1 min read

LLaDA2.0 & Flux 2 Break Barriers: 100B Models & 24GB VRAM Accessibility

New AI Models & Releases

LLaDA2.0 (103B/16B) Released: The latest diffusion language models, LLaDA2.0, feature a 100B/6B MoE architecture (flash version) and a 16B/1B MoE architecture (mini version), optimized for practical applications. Both models are available on Hugging Face, with llama.cpp support in progress.
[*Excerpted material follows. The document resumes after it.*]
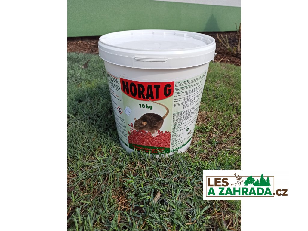 účinná látka: 50 mg / kg brodifacoum. Popis a působení: Účinná látka Noratu G brodifacoum patří mezi antikoagulační jedy. Po požití snižuje srážlivost krve a zvyšuje prostupnost krevních cest a zasažený organismus hyne vnitřním vykrvácením. Na hlodavce působí smrtelně již při jednorázovém požití, ale má i kurativní účinky. Norat G je hlodavci velmi dobře přijímán, úhyn nastává mezi 3 - 10 dnem po přijetí letální dávky a protože nástraha nevaruje, bylo by častější vkládání nástrah plýtváním. Nástrahy se vkládají na místa největšího výskytu hlodavců do děr, nor a skrýší podél stezek a jiná místa nejvíce navštěvovaná hlodavci. Mimo takto přirozeně chráněná místa se musí používat jedové staničky, do kterých vkládáme granule tak, aby byl zamezen styk s dětmi a domácímí zvířaty. Dávkování: Potkani a krysy: 20 - 80 g Noratu G na 100 m2 ( 10 - 15 granulí na několik míst ). Myš domácí: 5 - 25 g Noratu G na 100 m2 ( 3 - 5 granulí na několik míst ).

Flux 2 Now Runs on 24GB VRAM: The advanced AI model Flux 2 can now be executed on consumer-grade GPUs with 24GB VRAM, significantly broadening accessibility for users with mid-range hardware.


AI Tools & Libraries

Unsloth FP8 Reinforcement Learning for Local Training: Unsloth’s updated library enables FP8 reinforcement learning on local hardware with <5GB VRAM, supporting models like Qwen3-4B and Qwen3-1.7B. It optimizes training speed and context length for GPUs like RTX 40/50 series and H100/B200.


Splintr: High-Speed BPE Tokenizer in Rust: A new Rust-based BPE tokenizer, Splintr, offers 3-4x faster single-text encoding and 10-12x faster batch encoding compared to OpenAI’s tiktoken. It includes Python bindings and a streaming decoder for real-time LLM output.


AI Research & Policy

White House Launches "The Genesis Mission": A new federal initiative, "The Genesis Mission," aims to accelerate AI research by integrating scientific datasets to train foundation models and develop AI agents. The project raises discussions about open-source implications and potential regulatory shifts.


Conversational AI Improvements

TEN Turn Detection for Natural Voice AI Interactions: An open-source project, TEN Turn Detection, addresses interruptions in voice AI by better identifying when a user has finished speaking. The model is part of the TEN Framework and available on Hugging Face.